- _Required work_:
Please return every line of the records below that holds the word "wǎng".

- _Records for this exercise_:
☆ ☆ ☆
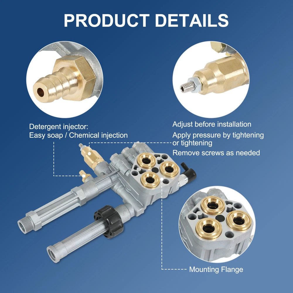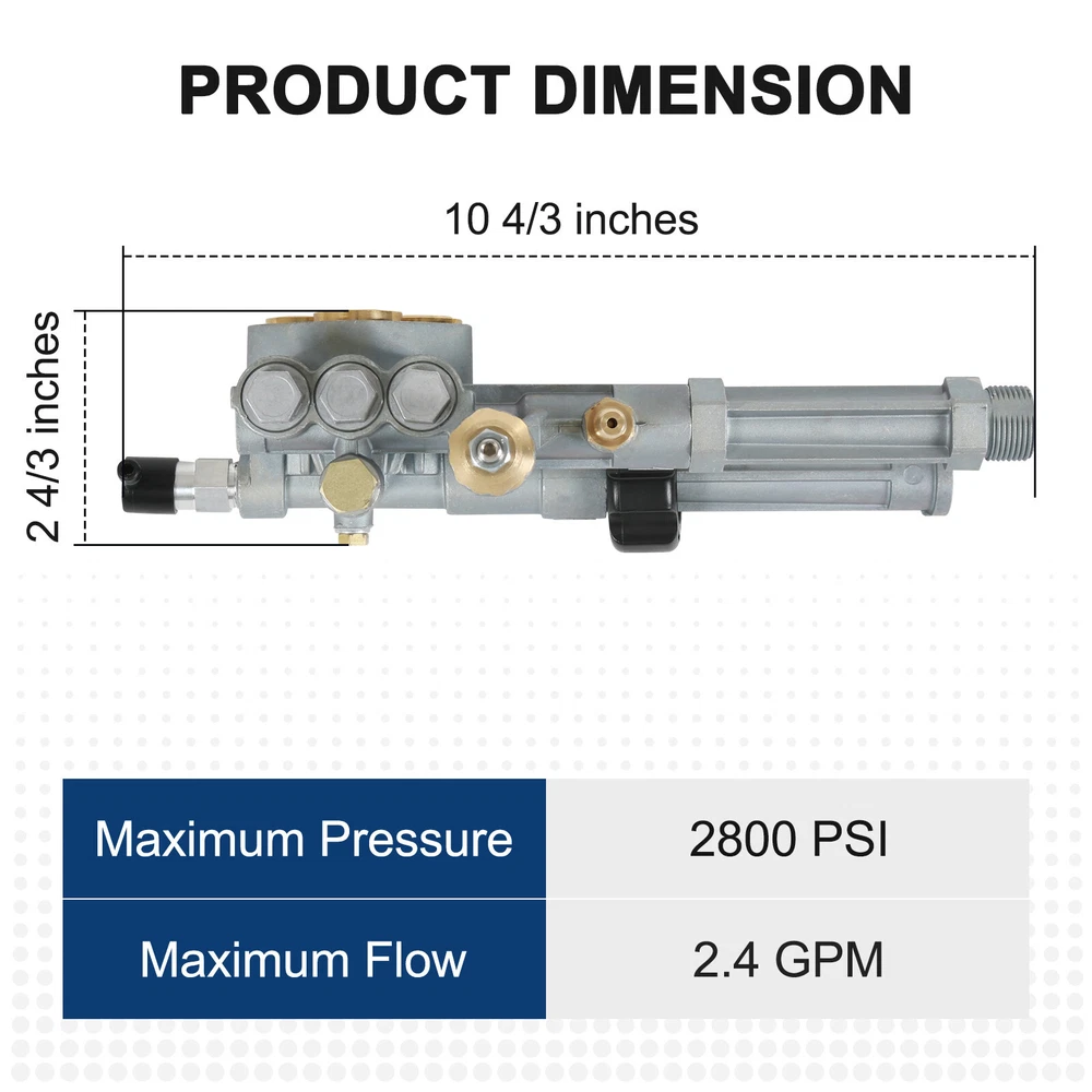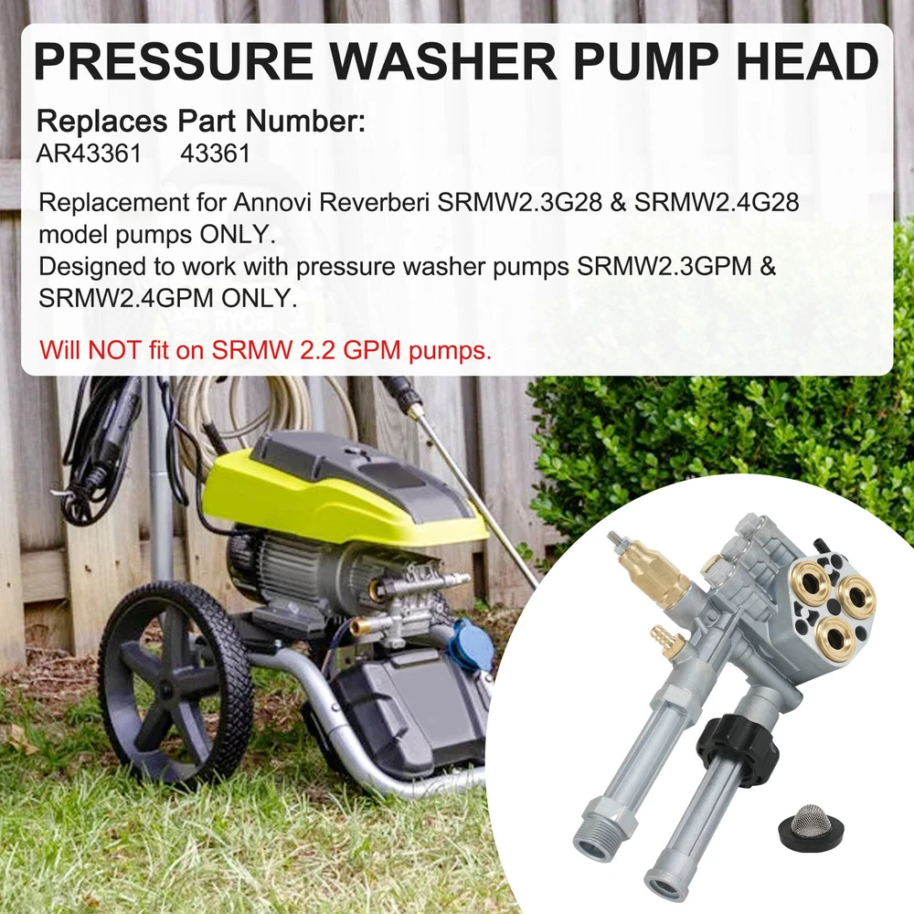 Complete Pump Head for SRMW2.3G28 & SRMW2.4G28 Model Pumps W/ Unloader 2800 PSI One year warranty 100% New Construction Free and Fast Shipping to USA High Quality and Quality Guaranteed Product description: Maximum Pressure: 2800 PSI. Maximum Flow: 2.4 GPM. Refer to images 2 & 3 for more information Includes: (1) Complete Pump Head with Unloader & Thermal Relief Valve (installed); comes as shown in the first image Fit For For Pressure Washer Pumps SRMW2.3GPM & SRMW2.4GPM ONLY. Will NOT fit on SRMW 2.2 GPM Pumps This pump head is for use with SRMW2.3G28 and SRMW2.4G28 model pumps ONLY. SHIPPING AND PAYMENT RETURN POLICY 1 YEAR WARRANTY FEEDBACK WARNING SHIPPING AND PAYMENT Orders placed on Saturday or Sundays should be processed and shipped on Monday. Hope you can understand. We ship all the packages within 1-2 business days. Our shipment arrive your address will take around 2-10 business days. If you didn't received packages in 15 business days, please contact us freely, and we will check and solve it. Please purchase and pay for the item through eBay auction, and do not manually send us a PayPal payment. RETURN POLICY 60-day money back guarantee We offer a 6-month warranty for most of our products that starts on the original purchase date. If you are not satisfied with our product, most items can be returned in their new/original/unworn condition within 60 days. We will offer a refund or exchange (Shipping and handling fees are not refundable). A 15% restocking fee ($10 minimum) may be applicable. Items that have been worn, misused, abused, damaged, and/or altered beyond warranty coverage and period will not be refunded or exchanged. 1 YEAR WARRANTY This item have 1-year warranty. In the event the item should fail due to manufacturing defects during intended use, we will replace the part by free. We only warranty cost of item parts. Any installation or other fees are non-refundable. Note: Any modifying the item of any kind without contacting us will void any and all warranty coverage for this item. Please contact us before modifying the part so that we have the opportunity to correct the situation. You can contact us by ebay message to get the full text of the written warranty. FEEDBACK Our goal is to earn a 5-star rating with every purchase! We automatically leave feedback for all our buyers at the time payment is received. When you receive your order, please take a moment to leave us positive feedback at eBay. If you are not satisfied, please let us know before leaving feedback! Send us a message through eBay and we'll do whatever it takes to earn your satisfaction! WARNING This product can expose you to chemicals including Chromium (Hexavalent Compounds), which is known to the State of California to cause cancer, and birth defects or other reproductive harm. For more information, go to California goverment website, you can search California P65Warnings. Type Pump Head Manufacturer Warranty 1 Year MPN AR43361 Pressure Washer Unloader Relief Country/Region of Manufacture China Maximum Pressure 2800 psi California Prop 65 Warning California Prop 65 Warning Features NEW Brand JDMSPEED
☆ ☆ ☆
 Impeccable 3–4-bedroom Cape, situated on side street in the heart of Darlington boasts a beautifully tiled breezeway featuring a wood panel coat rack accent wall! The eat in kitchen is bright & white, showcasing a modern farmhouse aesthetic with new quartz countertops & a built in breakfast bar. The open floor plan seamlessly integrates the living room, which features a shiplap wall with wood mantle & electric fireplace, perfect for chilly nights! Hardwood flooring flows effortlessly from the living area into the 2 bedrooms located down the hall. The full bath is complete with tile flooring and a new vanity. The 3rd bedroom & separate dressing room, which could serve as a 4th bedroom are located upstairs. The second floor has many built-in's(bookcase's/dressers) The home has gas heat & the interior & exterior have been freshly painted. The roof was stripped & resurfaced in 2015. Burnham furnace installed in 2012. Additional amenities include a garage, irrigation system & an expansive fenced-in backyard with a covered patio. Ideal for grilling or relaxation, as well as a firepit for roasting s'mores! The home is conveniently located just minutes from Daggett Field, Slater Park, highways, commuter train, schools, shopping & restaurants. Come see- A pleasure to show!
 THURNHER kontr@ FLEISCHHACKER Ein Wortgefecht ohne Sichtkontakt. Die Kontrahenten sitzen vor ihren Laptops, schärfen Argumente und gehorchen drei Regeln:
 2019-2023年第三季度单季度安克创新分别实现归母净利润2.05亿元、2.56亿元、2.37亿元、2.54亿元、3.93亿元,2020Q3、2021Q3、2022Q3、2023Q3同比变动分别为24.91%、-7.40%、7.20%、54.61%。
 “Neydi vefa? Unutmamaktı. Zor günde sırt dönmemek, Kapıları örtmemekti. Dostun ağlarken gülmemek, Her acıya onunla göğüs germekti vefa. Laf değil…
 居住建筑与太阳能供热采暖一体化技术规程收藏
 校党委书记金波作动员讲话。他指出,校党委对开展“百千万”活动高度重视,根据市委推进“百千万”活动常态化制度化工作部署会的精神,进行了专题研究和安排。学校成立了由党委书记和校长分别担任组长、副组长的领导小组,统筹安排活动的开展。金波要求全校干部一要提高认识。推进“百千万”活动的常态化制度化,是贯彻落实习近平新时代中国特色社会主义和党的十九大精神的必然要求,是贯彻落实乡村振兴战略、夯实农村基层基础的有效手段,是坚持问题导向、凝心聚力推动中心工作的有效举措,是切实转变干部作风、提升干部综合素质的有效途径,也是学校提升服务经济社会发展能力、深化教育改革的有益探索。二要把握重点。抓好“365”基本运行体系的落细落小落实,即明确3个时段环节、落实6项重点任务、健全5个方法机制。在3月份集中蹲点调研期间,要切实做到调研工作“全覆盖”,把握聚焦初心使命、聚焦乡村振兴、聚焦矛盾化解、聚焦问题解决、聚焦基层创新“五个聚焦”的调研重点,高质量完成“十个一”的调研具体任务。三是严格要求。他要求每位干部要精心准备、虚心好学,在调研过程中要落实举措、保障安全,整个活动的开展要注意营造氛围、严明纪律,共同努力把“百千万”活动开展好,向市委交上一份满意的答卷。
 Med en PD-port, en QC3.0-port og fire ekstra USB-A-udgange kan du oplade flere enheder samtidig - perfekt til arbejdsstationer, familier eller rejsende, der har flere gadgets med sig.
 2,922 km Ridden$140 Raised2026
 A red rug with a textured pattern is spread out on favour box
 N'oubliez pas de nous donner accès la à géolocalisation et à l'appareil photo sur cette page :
☆ ☆ ☆
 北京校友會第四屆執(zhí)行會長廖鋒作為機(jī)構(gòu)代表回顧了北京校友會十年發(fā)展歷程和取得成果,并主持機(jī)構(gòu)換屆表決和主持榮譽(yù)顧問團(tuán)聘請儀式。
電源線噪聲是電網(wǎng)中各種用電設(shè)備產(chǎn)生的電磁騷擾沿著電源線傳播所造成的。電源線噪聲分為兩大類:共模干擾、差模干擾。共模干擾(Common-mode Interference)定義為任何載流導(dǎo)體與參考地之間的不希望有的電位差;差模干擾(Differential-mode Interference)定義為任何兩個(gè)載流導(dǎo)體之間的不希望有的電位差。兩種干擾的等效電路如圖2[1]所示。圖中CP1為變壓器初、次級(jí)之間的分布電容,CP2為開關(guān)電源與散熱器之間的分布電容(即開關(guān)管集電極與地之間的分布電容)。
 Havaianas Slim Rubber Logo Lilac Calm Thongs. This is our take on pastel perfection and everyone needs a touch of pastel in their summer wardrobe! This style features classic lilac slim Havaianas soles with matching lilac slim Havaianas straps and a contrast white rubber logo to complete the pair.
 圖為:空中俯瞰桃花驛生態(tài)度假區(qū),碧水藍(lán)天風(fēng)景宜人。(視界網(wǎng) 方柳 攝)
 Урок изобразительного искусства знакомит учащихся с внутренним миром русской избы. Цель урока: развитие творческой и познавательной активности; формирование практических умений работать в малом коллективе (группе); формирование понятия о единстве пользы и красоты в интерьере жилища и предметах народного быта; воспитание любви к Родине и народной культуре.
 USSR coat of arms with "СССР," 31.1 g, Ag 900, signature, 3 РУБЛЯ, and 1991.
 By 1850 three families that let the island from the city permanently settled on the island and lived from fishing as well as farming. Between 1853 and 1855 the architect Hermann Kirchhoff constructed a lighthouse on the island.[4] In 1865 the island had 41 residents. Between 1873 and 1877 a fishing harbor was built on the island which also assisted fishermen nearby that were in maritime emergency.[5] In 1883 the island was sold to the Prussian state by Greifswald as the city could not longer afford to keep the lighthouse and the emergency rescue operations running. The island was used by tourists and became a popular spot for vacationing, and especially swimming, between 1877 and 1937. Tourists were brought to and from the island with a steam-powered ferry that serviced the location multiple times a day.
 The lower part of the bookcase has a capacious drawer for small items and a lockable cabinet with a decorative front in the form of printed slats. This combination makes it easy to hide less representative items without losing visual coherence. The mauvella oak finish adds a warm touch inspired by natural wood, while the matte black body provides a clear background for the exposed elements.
☆ ☆ ☆
- _Expected answer_:
電源線噪聲是電網(wǎng)中各種用電設(shè)備產(chǎn)生的電磁騷擾沿著電源線傳播所造成的。電源線噪聲分為兩大類:共模干擾、差模干擾。共模干擾(Common-mode Interference)定義為任何載流導(dǎo)體與參考地之間的不希望有的電位差;差模干擾(Differential-mode Interference)定義為任何兩個(gè)載流導(dǎo)體之間的不希望有的電位差。兩種干擾的等效電路如圖2[1]所示。圖中CP1為變壓器初、次級(jí)之間的分布電容,CP2為開關(guān)電源與散熱器之間的分布電容(即開關(guān)管集電極與地之間的分布電容)。
 圖為:空中俯瞰桃花驛生態(tài)度假區(qū),碧水藍(lán)天風(fēng)景宜人。(視界網(wǎng) 方柳 攝)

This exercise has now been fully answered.